In Los Angeles County, Public Health Director Barbara Ferrer offered reassurance to parents nervous about sending children too young to be vaccinated back into classrooms. The risk is not zero, she said, but relatively high rates of vaccination among teacher and school staff offer far more protection for children than at any earlier point in the pandemic, in addition to masking requirements indoors.

“Children are still much less likely — especially younger children — than adults to end up getting infected,” Ferrer said. “They have some of the lowest hospitalization rates, which means — even when they’re getting infected — they’re still much less likely to end up with serious illness.”

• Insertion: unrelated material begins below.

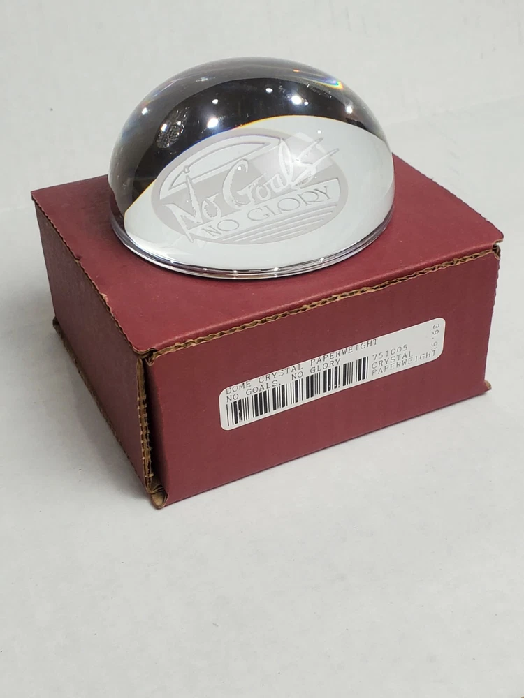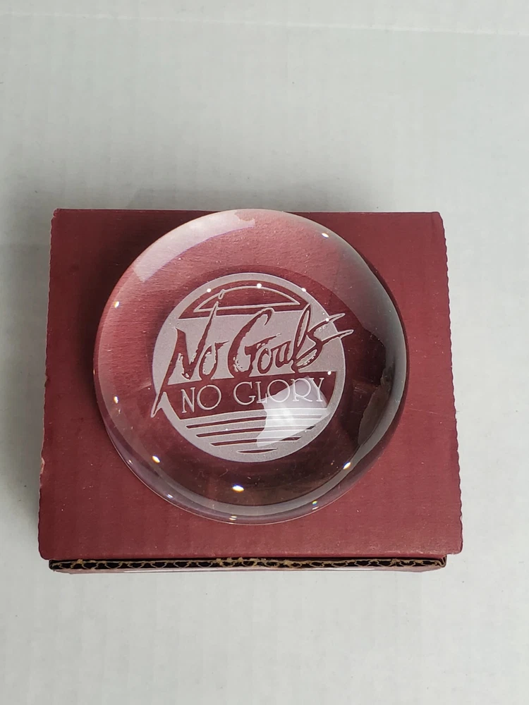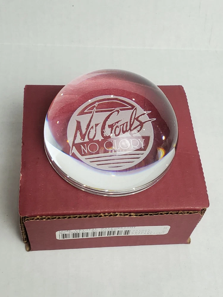 Etched "No Goals No Glory" Crystal Dome Shaped Paperweight.

In addition, children are likely more protected in California than elsewhere because of relatively more stringent requirements aimed at protecting children, Ferrer said. As school resumes, California students are required to wear masks in indoor settings, a sharp contrast to statewide approaches in Florida and Texas, which have banned local mask mandates, though some schools are ordering masks be worn anyway.

“We’ve also had other strategies here in California and in some ways more stringent requirements than some other places,” Ferrer said, which has “protected everyone from what I call unfettered transmissions. So I think that plays in with younger people.”

Some schools in Los Angeles County reopened for in-person learning last spring, and viral transmission in those schools was less than in the surrounding community, Ferrer said.

Younger children have also been less likely to contract the coronavirus because they have far fewer proteins called ACE2 receptors in their noses, which the coronavirus needs to access to infect the body.

Experts have urged that parents get children tested if they see symptoms of illness consistent with COVID-19, such as fever, chills, difficulty breathing, fatigue, body aches, headaches, loss of taste or smell, sore throat, runny nose, nausea or diarrhea.